Два дня молча поглядывал на встревоженно-счастливую Наталью, жевал, двигал пучками белых с прозеленью усов; потом, видно, смягчился.
– Наташка! – окликнул как-то.
Наталья подошла.
– Ты чего же, внучушка, рада небось? Ась?
– Я и сама не знаю, дедуня, – призналась Наталья.
– Ну-ну… ну-ну… Ишь ты… Ну, Христос с тобой. Дай Бог. – И с досадой и горечью упрекнул: – Не дождалась, поганка, покеда помру, тогда бы и вышла… Без тебя горькая будет мне жизня.
Митька, подслушавший из кухни их разговор, сказал:
– Ты, дед, может, ишо сто годов проживешь, а она будет дожидаться? Штукарь ты добрый.
Дед Гришака покраснел до черноты и удушья. Застучал костылем, ногами:
– Цы-ы-ыц, поганец, сукин сын! Пошел!.. Пошел!.. Ах ты нечистый дух!.. Подслухал, вражина!..
Митька сбежал на баз, посмеиваясь, а дед Гришака долго возмущался, ругал Митьку, и ноги его, обутые в шерстяные короткие чулки, дрожали в коленях.
Две младшие Натальины сестренки: Маришка – подросток лет двенадцати, и Грипка – восьмилетняя пройдоха и баловница – с нетерпением ожидали дня свадьбы.
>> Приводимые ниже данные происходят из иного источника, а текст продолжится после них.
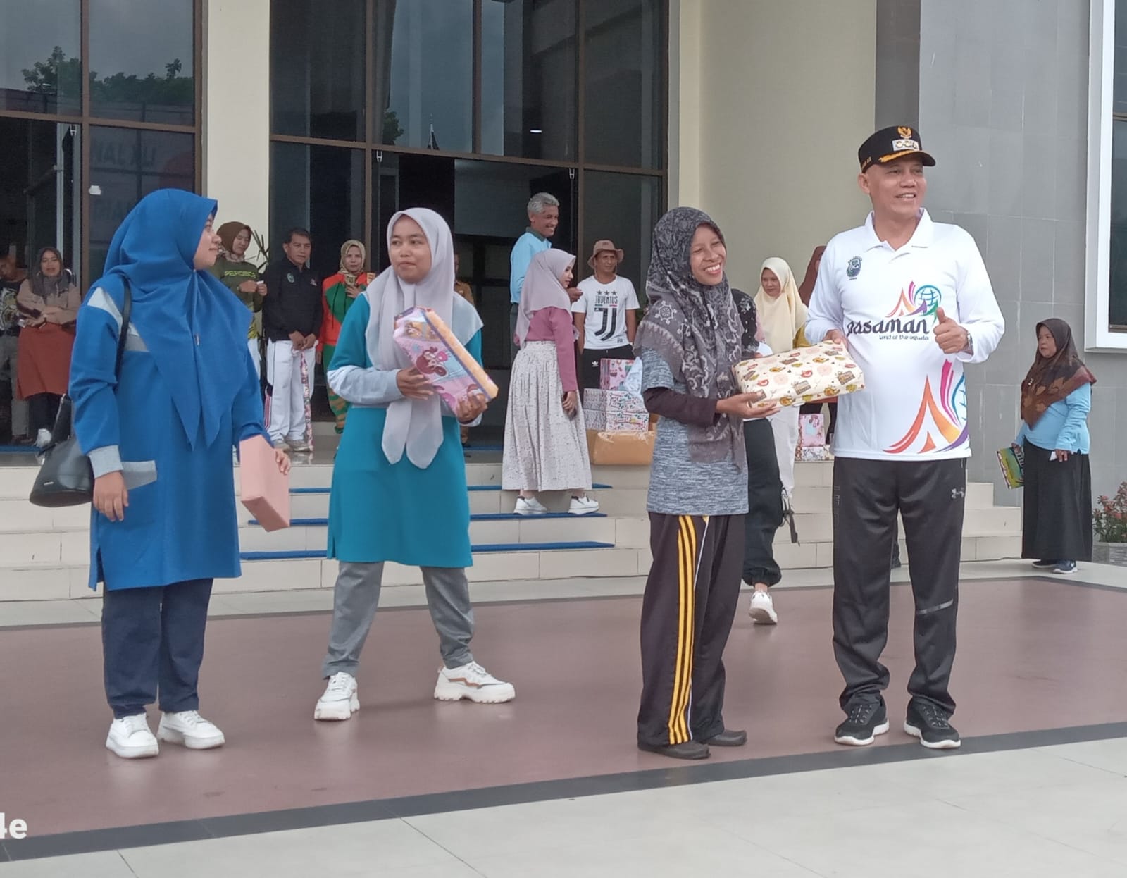 Selsesai upacara bendera, Sabar AS memberikan kejutan dengan memberikan hadiah berupa tas sekolah kepada siswa siswi berprestasi dan siswa siswi yang istiqomah melaksanakan sholat subuh berjamaah serta tidak lupa Bupati juga memberikan hadiah kepada siswa yang menjadi marbot mesjit.
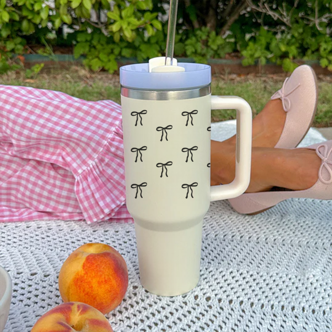 Add a touch of elegance to your drinkware collection with our White Bow Design Tumbler! 🎀
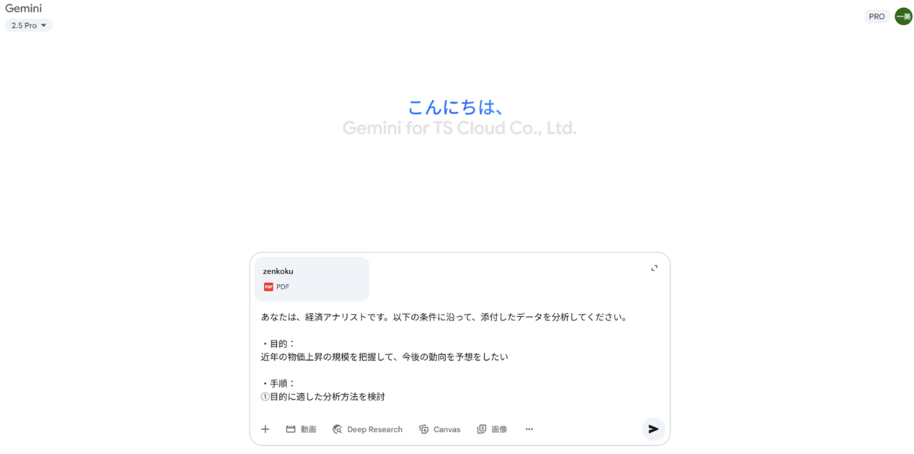 なお、ここではGemini アプリの「2.5 Pro」のモデルを使用しています(Google Workspace の Enterprise エディションを契約)。
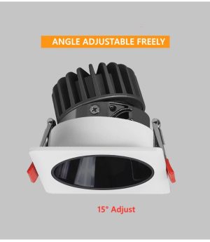 Đèn LED COB âm trần mặt vuông tán quang xoay góc lỗ khoét 90mm góc chiếu 36 độ 7w 12w 15w chip Bridgelux nguồn Done cao cấp DTT-ATCVP90

Сдержанную радость выказывали и работники, постоянно жившие у Коршуновых. Они ждали щедрого от хозяина угощенья и надеялись на пару свободных во время гульбы дней. Один из них, высокий – с колодезный журавль – богучарский украинец с диковинной фамилией Геть-Баба, в полгода раз пил запоем. Пропивал все с себя и заработок. Давно уже подмывало его знакомое чувство сосущей тошноты, но он сдерживался, приурочивая начало запоя к свадьбе.
Второй, мозглявый и смуглый казачок станицы Мигулинской, по имени Михей, жил у Коршуновых недавно; разоренный пожаром, нанялся в работники и, сдружившись с Гетьком (так сокращенно звали Геть-Бабу), начал время от времени попивать. Был он страстным любителем лошадей; подвыпив, плакал, размазывая слезы по остренькому безбровому лицу, приставал к Мирону Григорьевичу:
– Хозяин! Любушка ты моя! Будешь дочерю выдавать – Михейко в поезжанье допусти. Уж я проеду, так видно будет! Сквозь полымя проскачу и волоска на конях не опалю. У меня самого кони были… Эх!..
Постоянно мрачный и нелюдимый Гетько почему-то привязался к Михею, изводил его одной и той же шуткой.
– Михей, чуешь? Ты якой станицы? – спрашивал его, потирая длинные, по коленные чашечки, руки, и сам же отвечал, меняя голос: – «Мигулевский». – А що це ты такой хреновский? – «Та у нас уся порода такая».
Он неизменно и хрипло хохотал над постоянно повторявшейся шуткой, шлепал себя ладонями по длинным, сухим до звона голеням, а Михей ненавидяще оглядывал выбритое Гетьково лицо, кадык, трепетавший на горле, и ругал его «сычом» и «коростой».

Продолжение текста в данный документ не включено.